United Kingdom: Anti-lockdown protests and BLM solidarity marches
On March 26, the Government passed the Health Protection (Coronavirus, Restrictions) (England) Regulations 2020, without prior Parliamentary scrutiny, which instituted sweeping restrictions on human rights and civil liberties, affording the police additional expansive powers to enforce restrictions on people’s freedom of movement, close businesses, places of worship and community centres, and disperse gatherings. Research by Liberty Investigates has revealed that these powers have been disproportionately deployed against people of colour.
On May 16, about 50 people protested the lockdown at the Speakers’ Corner in Hyde Park, London. Dozens of police officers, including some on horseback, issued several fines and arrested 19 people after protesters refused to disperse.

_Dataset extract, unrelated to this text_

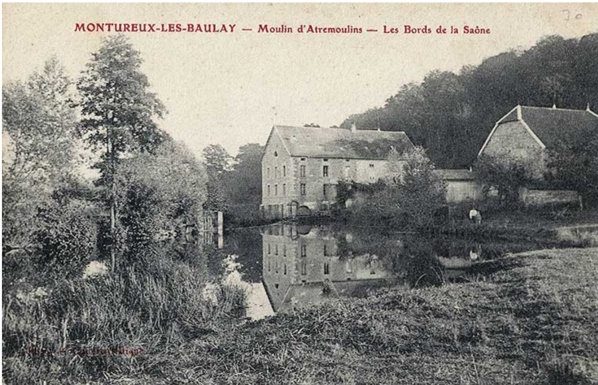
L'atre Moulin, carte postale.

During the first week of June, several massive protests were carried out in solidarity with the Black Lives Matter movement in the US and to highlight police brutality in the UK. Thousands of protesters in London, Manchester, Cardiff, Glasgow, Leicester and other cities defied calls from ministers and police chiefs to avoid large gatherings. Police responses across the United Kingdom during protests were inconsistent; aggressively kettling protesters in London, while being more lenient in Bristol and Manchester.
On June 7, 10,000 protesters gathered in Bristol as the statue of slave trader Edward Colston was removed and thrown into the harbour, leading some ministers to declare they would support extending sentences for damaging statues. Rather than reinforce police’s duty to facilitate protests, the government put forward a measure under which violent protesters could be jailed within 24 hours. Calls for the removal of other statues, drove far-right protesters to organize counter protests claiming to “defend” statues. These protesters clashed violently with police officers and other protesters.